I’ve been lucky enough to win the dick lottery on occasion.One time, I hit the mother f’ing jackpot and started dating a man who had a penis the size of a small commercial jet liner.
I soon learned that the women who say “Size doesn’t matter,” have never had a big one before.
Oh, my friends, size matters. And I wish upon you all at least once chance in your life to understand this firsthand.
However, as I basked in my good dick fortune, it soon became apparent that my new obscenely well-endowed boyfriend was well aware of the golden ticket in his pants.
And a few months later, as he gave me a speech about how he “couldn’t cut himself off from other situations, romantically” (we were in different cities), I knew what that meant.
There was a line waiting to get into the big dick hotel, and I had overstayed my welcome.

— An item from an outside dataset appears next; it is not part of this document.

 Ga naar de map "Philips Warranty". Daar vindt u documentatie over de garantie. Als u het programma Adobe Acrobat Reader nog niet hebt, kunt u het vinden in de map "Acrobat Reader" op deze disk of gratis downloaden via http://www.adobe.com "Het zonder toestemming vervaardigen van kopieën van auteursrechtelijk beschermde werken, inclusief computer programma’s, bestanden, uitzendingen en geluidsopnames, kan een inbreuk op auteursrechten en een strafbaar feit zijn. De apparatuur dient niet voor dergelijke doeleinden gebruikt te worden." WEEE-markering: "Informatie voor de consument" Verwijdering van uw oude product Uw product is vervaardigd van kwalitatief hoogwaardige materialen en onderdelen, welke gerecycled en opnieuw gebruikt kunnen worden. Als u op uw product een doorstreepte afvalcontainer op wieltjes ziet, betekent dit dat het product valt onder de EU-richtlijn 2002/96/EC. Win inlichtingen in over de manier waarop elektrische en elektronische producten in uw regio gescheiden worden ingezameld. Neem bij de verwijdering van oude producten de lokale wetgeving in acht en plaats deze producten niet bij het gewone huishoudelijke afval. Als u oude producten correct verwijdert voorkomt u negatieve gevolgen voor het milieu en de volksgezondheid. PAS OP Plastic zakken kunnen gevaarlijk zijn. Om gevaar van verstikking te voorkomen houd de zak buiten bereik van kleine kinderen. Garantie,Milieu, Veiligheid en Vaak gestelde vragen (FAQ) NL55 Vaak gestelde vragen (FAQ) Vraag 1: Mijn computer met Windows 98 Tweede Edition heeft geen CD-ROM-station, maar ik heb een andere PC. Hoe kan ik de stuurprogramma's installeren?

This type of over-inflated-sense-of-importance based on peen size would come to be known amongst my friends and I as BDS, or Big Dick Syndrome.
The signs of BDS include:
• Typically over 30, old enough that enough women have fainted over sight of enormous penis that ego has been adequately, uh, stroked
• Blackberry is permanently attached to hand to answer booty calls day or night (though this will be under the guise of “very important business”)
• Magnum condoms not stored in nightstand, but left on top of dining room table, sometimes on silver platter
• Says “You’re welcome” every time undressing occurs, be this for sex, shower, or just to change pants, regardless of whether or not anyone is within earshot
• An inability to not flirt with anything female, though will call this “just having a lot of friends”

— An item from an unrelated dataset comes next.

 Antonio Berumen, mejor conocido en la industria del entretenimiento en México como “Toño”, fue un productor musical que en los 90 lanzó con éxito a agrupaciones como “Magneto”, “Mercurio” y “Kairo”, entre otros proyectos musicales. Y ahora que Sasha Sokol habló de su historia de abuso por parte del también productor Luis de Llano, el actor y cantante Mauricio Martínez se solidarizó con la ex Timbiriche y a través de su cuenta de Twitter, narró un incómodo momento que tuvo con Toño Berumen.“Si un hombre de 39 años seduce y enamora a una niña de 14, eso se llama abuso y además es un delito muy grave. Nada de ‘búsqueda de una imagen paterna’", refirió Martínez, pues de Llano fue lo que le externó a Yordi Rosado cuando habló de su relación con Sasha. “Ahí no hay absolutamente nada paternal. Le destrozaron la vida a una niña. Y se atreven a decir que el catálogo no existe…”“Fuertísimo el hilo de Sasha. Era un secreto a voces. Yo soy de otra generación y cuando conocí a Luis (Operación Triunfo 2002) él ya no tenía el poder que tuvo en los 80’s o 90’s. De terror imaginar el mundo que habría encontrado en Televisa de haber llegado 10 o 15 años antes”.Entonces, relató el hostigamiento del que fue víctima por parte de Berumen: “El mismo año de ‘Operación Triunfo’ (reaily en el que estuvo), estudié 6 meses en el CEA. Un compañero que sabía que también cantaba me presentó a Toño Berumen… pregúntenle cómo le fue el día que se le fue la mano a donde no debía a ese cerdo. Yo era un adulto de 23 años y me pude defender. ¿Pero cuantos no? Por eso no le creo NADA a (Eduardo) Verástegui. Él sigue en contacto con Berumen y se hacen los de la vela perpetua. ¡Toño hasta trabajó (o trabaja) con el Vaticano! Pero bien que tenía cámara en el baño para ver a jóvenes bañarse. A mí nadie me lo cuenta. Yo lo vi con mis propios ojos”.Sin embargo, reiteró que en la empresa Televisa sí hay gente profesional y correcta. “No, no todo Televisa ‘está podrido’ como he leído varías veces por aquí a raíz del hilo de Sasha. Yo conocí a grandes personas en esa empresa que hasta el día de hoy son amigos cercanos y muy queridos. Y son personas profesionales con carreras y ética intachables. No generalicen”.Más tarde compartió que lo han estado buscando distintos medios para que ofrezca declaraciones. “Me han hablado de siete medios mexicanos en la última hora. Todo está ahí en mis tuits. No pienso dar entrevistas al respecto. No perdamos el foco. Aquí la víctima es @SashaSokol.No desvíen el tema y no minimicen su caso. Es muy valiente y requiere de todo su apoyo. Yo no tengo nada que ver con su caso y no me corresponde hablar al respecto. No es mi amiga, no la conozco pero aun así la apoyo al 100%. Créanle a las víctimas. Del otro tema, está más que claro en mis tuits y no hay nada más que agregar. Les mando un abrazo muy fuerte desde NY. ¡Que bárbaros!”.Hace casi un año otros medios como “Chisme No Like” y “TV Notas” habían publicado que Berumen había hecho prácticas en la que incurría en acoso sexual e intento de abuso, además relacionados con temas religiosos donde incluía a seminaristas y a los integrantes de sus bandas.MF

• Eagerness to remind you that you are “one damn lucky girl” during any momentary lapse of silence in conversation
• Hero worship of all thing phallic – oblong floor lamps, cucumbers, his own image in a mirror when arms are pressed tightly to sides
While not all well-endowed men will posses BDS, for those who do it is unfortunately a permanent and irreversible syndrome. Their ego has been so built up by women over the years that the attention gathered from dropping trou is an addiction that must be constantly fed.
Men with BDS will most likely drive you the point of insanity, first making you obsessed with sex in a nymphomaniac-like way you never knew was in you, then dropping you like a herpes-infested porn star, then not-so-accidentally running into you at ever social gathering you can imagine with a new Heidi-klum-lookalike on their arm to reiterate your insufficiency.